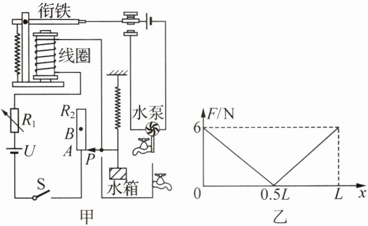 4. (2025·山东泰安一模·10分)如图甲所示为一种自动蓄水装置示意图,轻质弹簧上端固定,下端与木块相连,弹簧下端固定的轻质滑片P可在粗细均匀的金属电阻$R_{2}$上滑动且接触良好,水箱中没有水时,滑片P恰好位于$R_{2}$最下端A处.闭合S,水泵工作,向空水箱里缓慢注水.当滑片P上滑至B处($R_{2}$的中点)时,水面到达设定高度,水泵自动停止注水.弹簧对木块的弹力F与滑片P上滑长度x之间的关系如图乙所示.已知:电阻箱$R_{1}$接入电路的阻值为20Ω,$R_{2}$的总电阻为24Ω,长度为L;当线圈中电流$I≥0.1A$时,衔铁被吸下;$ρ_{水}=1.0×10^{3}kg/m^{3}$,$ρ_{木}=0.6×10^{3}kg/m^{3}$,g取10N/kg,弹簧始终处于弹性范围,不考虑线圈的电阻和滑片P滑动时的摩擦.
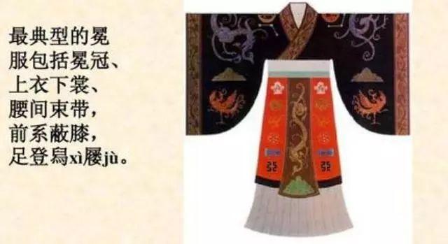 据传说,上古时期黄帝与大臣胡曹和伯余设计了中国古代早的服饰,上衣下裳,上衣如天,用玄色。下裳如地,用黄色,以此表达对天地的崇拜。尤其是在祭祀天地的时候,黄帝穿着冕冠章服,举行隆重的祭祀活动,后来这种仪式被后世继承下来。所以,在《辽史》当中有这样的记载:“汉服,黄帝始制冕冠章服,后王以祀以祭以享。”
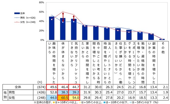 休日が増えてほしいと回答した人に理由を聞くと、「趣味の時間を増やしたいから」が49.6%でトップ。以下、「体が休まらないから」(46.4%)、「気持ちがリフレッシュできないから」(44.7%)が続く。
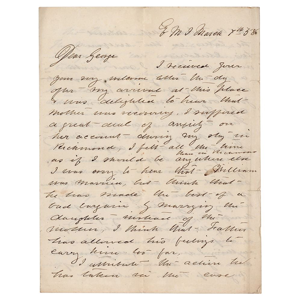Confederate general (1838-1864) who fought in nearly every major battle of the Eastern Theater, and was killed at the Battle of Totopotomoy Creek. His brother, Union officer William R. Terrill, also died in battle. Together, they came to epitomize the notion of 'brother against brother' during the Civil War. ALS signed "Jas. Barbour Terrill," four pages on two adjoining sheets, 6.25 x 8.25, March 7, 1858. Handwritten letter to his brother George, in part: "I received your very welcome letter…& was delighted to hear that mother is recovering. I suffered a great deal of anxiety on her account during my stay in Richmond…I was sorry to hear that William was married, but think that he has made the best of a bad bargain by marrying the daughter instead of the mother. I think that Father has allowed his feelings to carry him too far. I attribute the action he has taken in this case to the too deep interest he takes in the welfare of his children in regard to such matters…The ceremonies on the 22nd were very imposing indeed, the military Regiment defied description, sufficient to say that those…under arms on that day about four thousand of the flower of Virginia's Army wearing every shade & hue of uniform, the company from one of the Northern cities as far as dress was concerned eclipsed anything I ever saw…one of my classmates dubbed it the Millionaire Company…It would be useless for me to attempt to describe the enthusiasm manifested at the appearance of the Cadets as we were marching up Main Street amongst other tokens of admiration for the gallant." In fine condition, with intersecting folds, edge creasing, and a few small edge tears.

==================================================

• **Task details**:
What is needed is an exact retyping of the lines from the start of the data through the line with "休日が増えてほしいと回答した", with both end lines kept and every picture left out.

• **Response for this exercise**:
 4. (2025·山东泰安一模·10分)如图甲所示为一种自动蓄水装置示意图,轻质弹簧上端固定,下端与木块相连,弹簧下端固定的轻质滑片P可在粗细均匀的金属电阻$R_{2}$上滑动且接触良好,水箱中没有水时,滑片P恰好位于$R_{2}$最下端A处.闭合S,水泵工作,向空水箱里缓慢注水.当滑片P上滑至B处($R_{2}$的中点)时,水面到达设定高度,水泵自动停止注水.弹簧对木块的弹力F与滑片P上滑长度x之间的关系如图乙所示.已知:电阻箱$R_{1}$接入电路的阻值为20Ω,$R_{2}$的总电阻为24Ω,长度为L;当线圈中电流$I≥0.1A$时,衔铁被吸下;$ρ_{水}=1.0×10^{3}kg/m^{3}$,$ρ_{木}=0.6×10^{3}kg/m^{3}$,g取10N/kg,弹簧始终处于弹性范围,不考虑线圈的电阻和滑片P滑动时的摩擦.
 据传说,上古时期黄帝与大臣胡曹和伯余设计了中国古代早的服饰,上衣下裳,上衣如天,用玄色。下裳如地,用黄色,以此表达对天地的崇拜。尤其是在祭祀天地的时候,黄帝穿着冕冠章服,举行隆重的祭祀活动,后来这种仪式被后世继承下来。所以,在《辽史》当中有这样的记载:“汉服,黄帝始制冕冠章服,后王以祀以祭以享。”
 休日が増えてほしいと回答した人に理由を聞くと、「趣味の時間を増やしたいから」が49.6%でトップ。以下、「体が休まらないから」(46.4%)、「気持ちがリフレッシュできないから」(44.7%)が続く。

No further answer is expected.